Given the records below, the lines starting at the line with "100 metres | |" and ending at the line with "He grips a chain" should be output exactly, both end lines kept and pictures left out.

▸ **INFORMATION SUPPLIED**

Start of Block

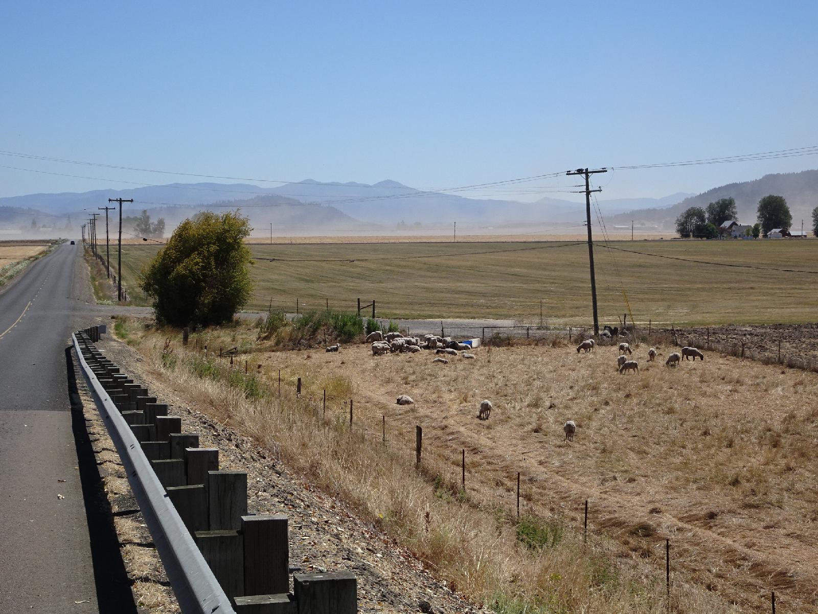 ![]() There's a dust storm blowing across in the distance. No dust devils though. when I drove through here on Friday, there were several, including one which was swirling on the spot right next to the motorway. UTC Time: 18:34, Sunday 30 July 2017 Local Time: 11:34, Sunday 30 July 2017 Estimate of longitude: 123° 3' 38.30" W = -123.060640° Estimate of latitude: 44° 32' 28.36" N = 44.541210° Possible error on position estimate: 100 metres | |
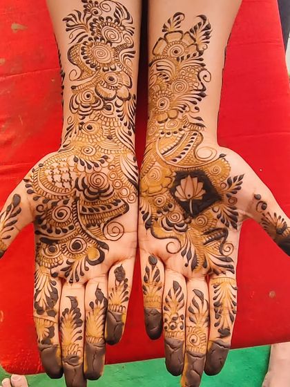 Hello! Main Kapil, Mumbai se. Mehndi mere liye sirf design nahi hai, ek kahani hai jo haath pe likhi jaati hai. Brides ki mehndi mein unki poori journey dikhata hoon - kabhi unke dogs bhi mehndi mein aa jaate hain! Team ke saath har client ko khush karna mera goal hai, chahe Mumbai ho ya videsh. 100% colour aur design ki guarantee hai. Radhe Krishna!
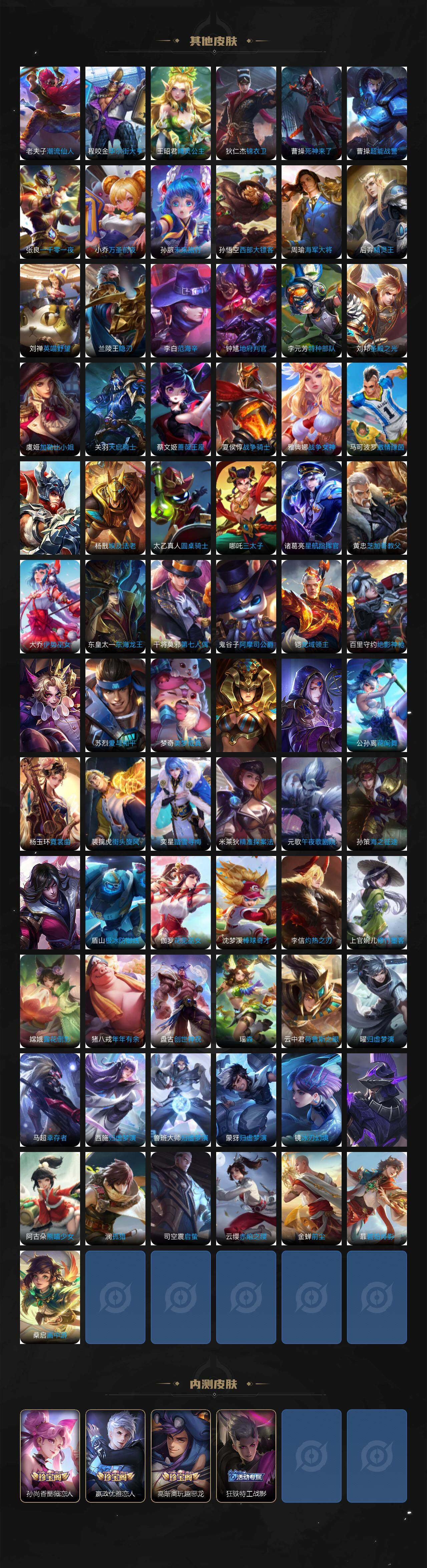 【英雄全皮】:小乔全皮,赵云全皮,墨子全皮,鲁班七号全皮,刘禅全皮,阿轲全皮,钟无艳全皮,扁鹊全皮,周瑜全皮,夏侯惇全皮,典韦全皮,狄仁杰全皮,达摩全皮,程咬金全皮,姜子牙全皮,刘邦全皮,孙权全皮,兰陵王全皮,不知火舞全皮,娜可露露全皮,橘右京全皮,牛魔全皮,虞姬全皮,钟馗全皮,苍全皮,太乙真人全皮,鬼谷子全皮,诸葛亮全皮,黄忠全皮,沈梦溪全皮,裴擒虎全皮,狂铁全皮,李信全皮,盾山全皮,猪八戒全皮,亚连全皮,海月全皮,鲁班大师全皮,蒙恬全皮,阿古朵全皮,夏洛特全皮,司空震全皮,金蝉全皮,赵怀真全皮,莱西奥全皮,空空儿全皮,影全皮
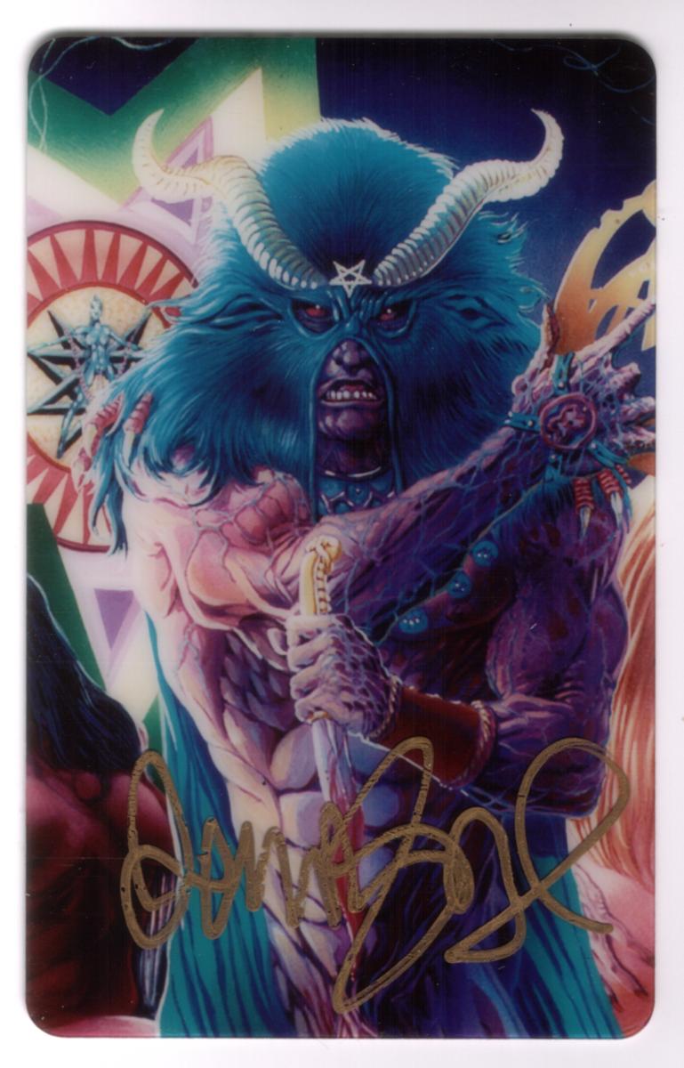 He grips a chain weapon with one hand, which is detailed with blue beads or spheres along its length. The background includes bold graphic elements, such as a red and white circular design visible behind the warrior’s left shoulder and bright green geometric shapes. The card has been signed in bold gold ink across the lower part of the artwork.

End of Block
Start of Block

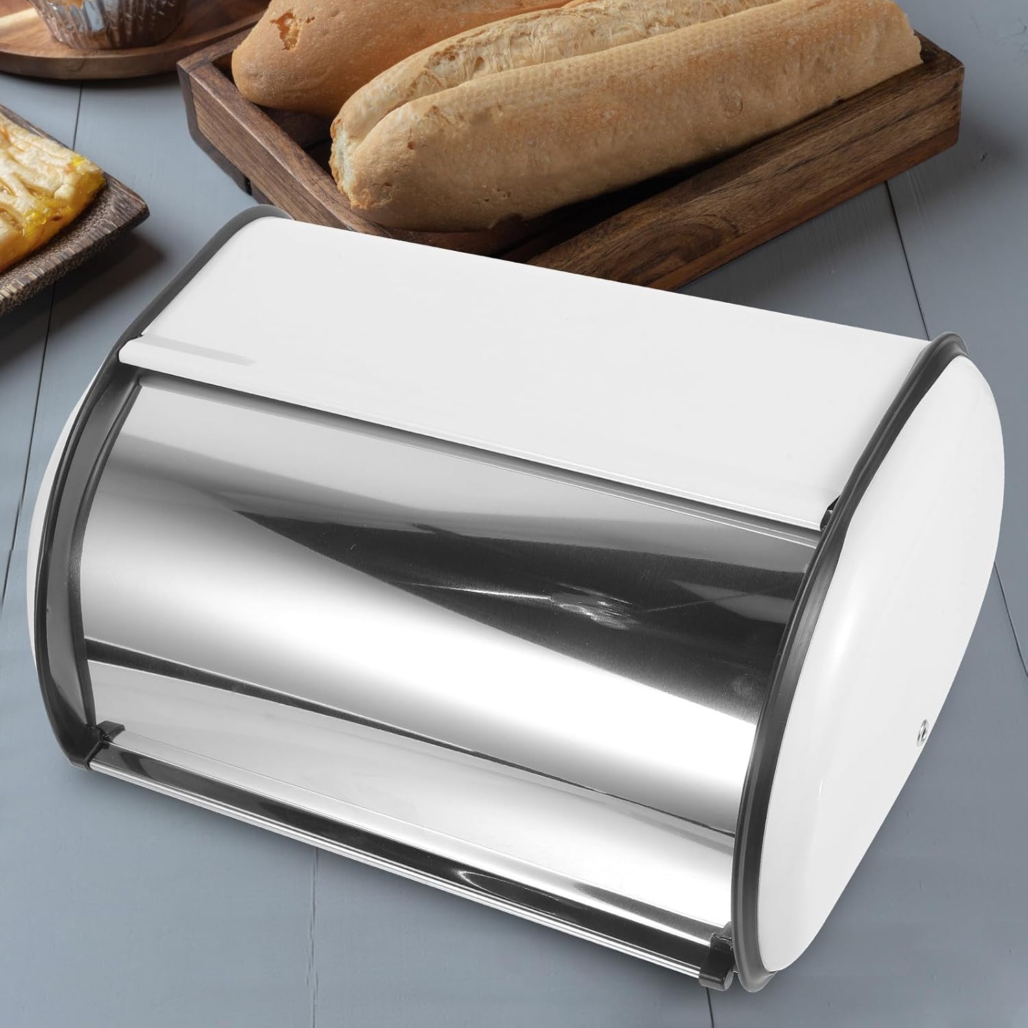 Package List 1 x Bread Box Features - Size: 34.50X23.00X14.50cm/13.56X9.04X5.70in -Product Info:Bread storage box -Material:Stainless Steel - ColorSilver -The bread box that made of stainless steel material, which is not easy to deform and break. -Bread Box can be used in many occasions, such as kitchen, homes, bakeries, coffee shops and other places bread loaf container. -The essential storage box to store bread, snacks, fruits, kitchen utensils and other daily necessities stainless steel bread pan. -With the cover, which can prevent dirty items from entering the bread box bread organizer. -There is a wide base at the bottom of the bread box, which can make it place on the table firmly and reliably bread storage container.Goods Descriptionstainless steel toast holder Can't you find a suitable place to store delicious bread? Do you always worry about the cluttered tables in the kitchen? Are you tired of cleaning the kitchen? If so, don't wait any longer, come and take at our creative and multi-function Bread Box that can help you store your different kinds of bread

End of Block

▸ **REPLY**
 ![]() There's a dust storm blowing across in the distance. No dust devils though. when I drove through here on Friday, there were several, including one which was swirling on the spot right next to the motorway. UTC Time: 18:34, Sunday 30 July 2017 Local Time: 11:34, Sunday 30 July 2017 Estimate of longitude: 123° 3' 38.30" W = -123.060640° Estimate of latitude: 44° 32' 28.36" N = 44.541210° Possible error on position estimate: 100 metres | |
 Hello! Main Kapil, Mumbai se. Mehndi mere liye sirf design nahi hai, ek kahani hai jo haath pe likhi jaati hai. Brides ki mehndi mein unki poori journey dikhata hoon - kabhi unke dogs bhi mehndi mein aa jaate hain! Team ke saath har client ko khush karna mera goal hai, chahe Mumbai ho ya videsh. 100% colour aur design ki guarantee hai. Radhe Krishna!
 【英雄全皮】:小乔全皮,赵云全皮,墨子全皮,鲁班七号全皮,刘禅全皮,阿轲全皮,钟无艳全皮,扁鹊全皮,周瑜全皮,夏侯惇全皮,典韦全皮,狄仁杰全皮,达摩全皮,程咬金全皮,姜子牙全皮,刘邦全皮,孙权全皮,兰陵王全皮,不知火舞全皮,娜可露露全皮,橘右京全皮,牛魔全皮,虞姬全皮,钟馗全皮,苍全皮,太乙真人全皮,鬼谷子全皮,诸葛亮全皮,黄忠全皮,沈梦溪全皮,裴擒虎全皮,狂铁全皮,李信全皮,盾山全皮,猪八戒全皮,亚连全皮,海月全皮,鲁班大师全皮,蒙恬全皮,阿古朵全皮,夏洛特全皮,司空震全皮,金蝉全皮,赵怀真全皮,莱西奥全皮,空空儿全皮,影全皮
 He grips a chain weapon with one hand, which is detailed with blue beads or spheres along its length. The background includes bold graphic elements, such as a red and white circular design visible behind the warrior’s left shoulder and bright green geometric shapes. The card has been signed in bold gold ink across the lower part of the artwork.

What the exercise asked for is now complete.